Verification and testing of benchmarks by independent researchers, academic institutions, and respected unbiased third parties verification, and the AI community impression (Overall ratings, reaction, and feedback from the AI community).
My general impression after testing the model with my own tests and data based on my use case.

The Company's Role

First, each time a new model is released, it's common practice that the company releasing it will accompany the release with a research paper, in which it talks about all the improvements, new features, progress, and updated benchmarks.

The company themselves run the benchmarks and display them with the release of the model.

Benchmarks are a series of tests and evaluations, all different, that test the various abilities of an LLM. The benchmarking tests themselves are created by third parties and are often static.

For example: With the recent update to Gemini 1.5 pro, Google emphasizes its new features (its 2 million token context-window), as well as a table showing how this updated model compares to its predecessors (with regards to benchmarks).

Third-Party Verification and Community Input

After the model is released, it is very common for various third parties to try and replicate the benchmark results provided by the company releasing it, to make sure it's accurate and unbiased.

These third parties are often academic institutions, independent researchers, and more. Additionally, it's common for the third parties testing the models standard benchmarks to conduct their own exams, benchmarks, and rubrics.

Where can we see these third party (unbiased) benchmarks?

I like to use benchmark aggregators like HELM for closed source frontier models, though it's not updated so regularly.
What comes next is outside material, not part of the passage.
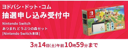 【3月14日 10:59まで】ヨドバシ・ドット・コム 「Nintendo Switch あつまれ どうぶつの森セット」の抽選申し込み
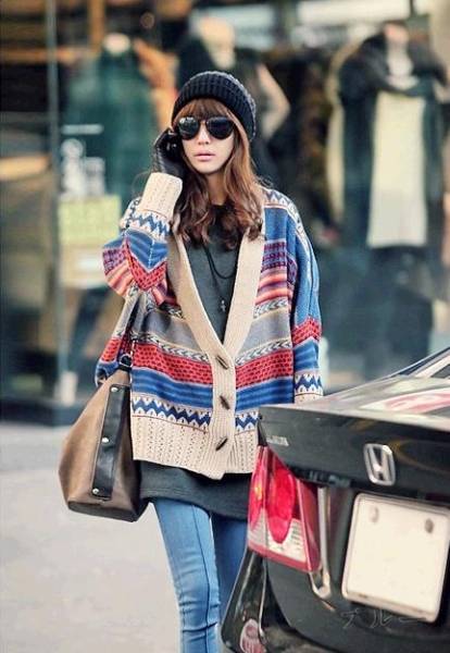 - ◆未使用 ほっこりドルマン カーディガン ブルーレッドホワイト

HELM (Holistic Evaluation of Language Models) from Stanford is an aggregator and leaderboard that compiles benchmarks.

When it comes to open-source models, I like OpenLLM from Hugging Face. There are more.

Then comes the community input:

The community consists of people actually using the models on their own, testing them on their own, conducting their own independent tests, or pitting models against each other.

LMSys plays a great role in this. They not only provide tools and frameworks for testing, but they also created and hosted the "Chatbot Arena", which is a head-to-head fight between certain models.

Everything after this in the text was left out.